Whitelam presents two theses: that ancient Palestinian history should be separate from Biblical studies; and that Western scholarship “invented” ancient Israel while silencing Palestinian history. The first thesis is viable, for the region extending some hundred miles east from the Mediterranean encompassed many peoples in ancient times, but Western scholarship emphasizes those peoples and texts connected to the development of Judaism and Christianity.
The second thesis, however, flounders badly. An ethnic, political, and religious group called “Israel” is a recognizable entity in various ancient documents, including the Hebrew Bible. Scholars debate when this entity came into existence, but to describe the idea of ancient Israel as a modern one is bizarre at best. Arguing that Palestinian history has been “silenced,” Whitelam chides modern scholars for referring to ancient inhabitants of Palestine as Canaanite and Amorite rather than Palestinian. Yet the former are appropriate designations given that they (unlike Palestinian) were used in the late Bronze and Iron Ages; Palestine first came into use in Roman times. Whitelam condemns any term that does not explicitly link ancient Canaanite-speakers with contemporary Arabic-speakers in the same area. While it is not wrong to call ancient inhabitants of that area Palestinians (in the same way that ancient peoples of the Western hemisphere can be called Americans), Whitelam’s refusal to see the rationale behind any other term evinces the political agenda that dominates his book.
The author devotes much space to establishing that many modern scholars are interested in Palestine because of its significance to Judaism and Christianity.
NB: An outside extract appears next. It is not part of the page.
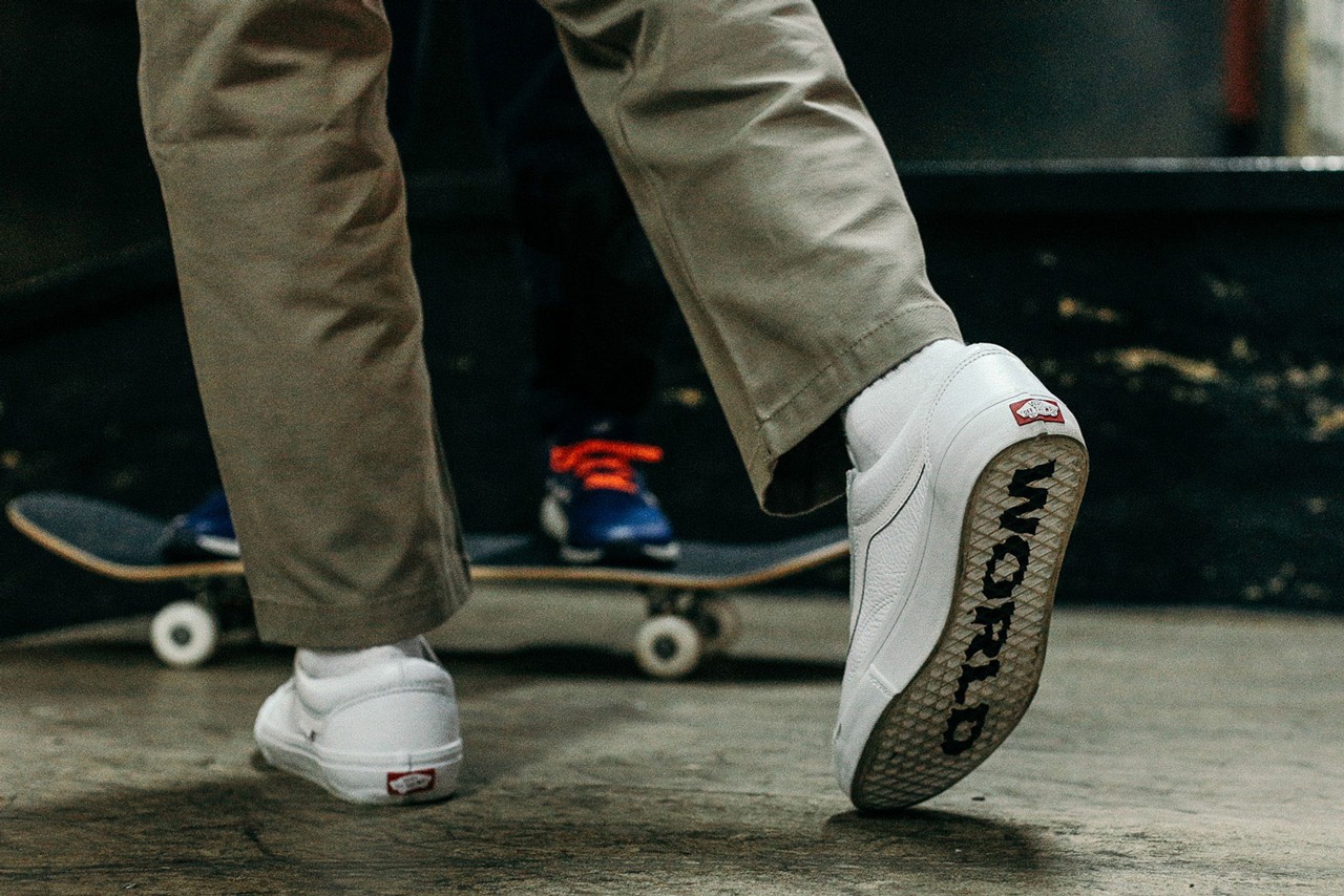 Built fully of white pebbled leather, uppers present an undeniably crisp tonal look. Signature embellishment arrives on the white laces, which offer a repeating “WORLD PEACE” print, done up in bold and blocky black letters. Rugged overlays spread across the toe cap, providing durability for all-day skate sessions. Tonal Vans tags sit under the white Jazz stripe, with a signature red rubberized badge gracing the white rubber midsole. To finalize the look, outsoles enlarge and split the “WORLD PEACE” print from the laces, with one word appearing on each shoe.

True enough: but precisely why Whitelam finds this shocking is not clear. He seems to believe that uncovering a motive for scholarship discredits it. He makes valid observations regarding the political and theological settings in which Western scholars operate, but these hardly demonstrate that those scholars deny the existence of Palestinian history. To take one example: Does it make sense to say that Norman Gottwald “fails” to write a Palestinian history because of his “distraction” with ancient Israel, given that the Hebrew Bible is Gottwald’s topic?” Focusing on matters Biblical does not in itself quash the history of non-Israelites.
Whitelam’s point regarding the silencing of non-Israelite voices from ancient Palestine is particularly rich with irony. Twentieth-century histories of ancient Israel are distinguished from their predecessors precisely by their attention to the literature of inhabitants of ancient Canaan/Palestine, who were hitherto known only from tendentious portraits in Biblical and other sacred texts.
Most importantly, Whitelam confuses distinct meanings of the word Palestinian, which refers geographically to anything connected with the region northeast of the Sinai or ethnically to a group of contemporary Arabs. The Canaanites—and David Ben-Gurion, for that matter—were Palestinian in the former sense though not the latter. Whitelam aggressively entangles the two meanings for his political purposes. In the end, he attempts to silence Israelite history in order to invent an ancient Palestine.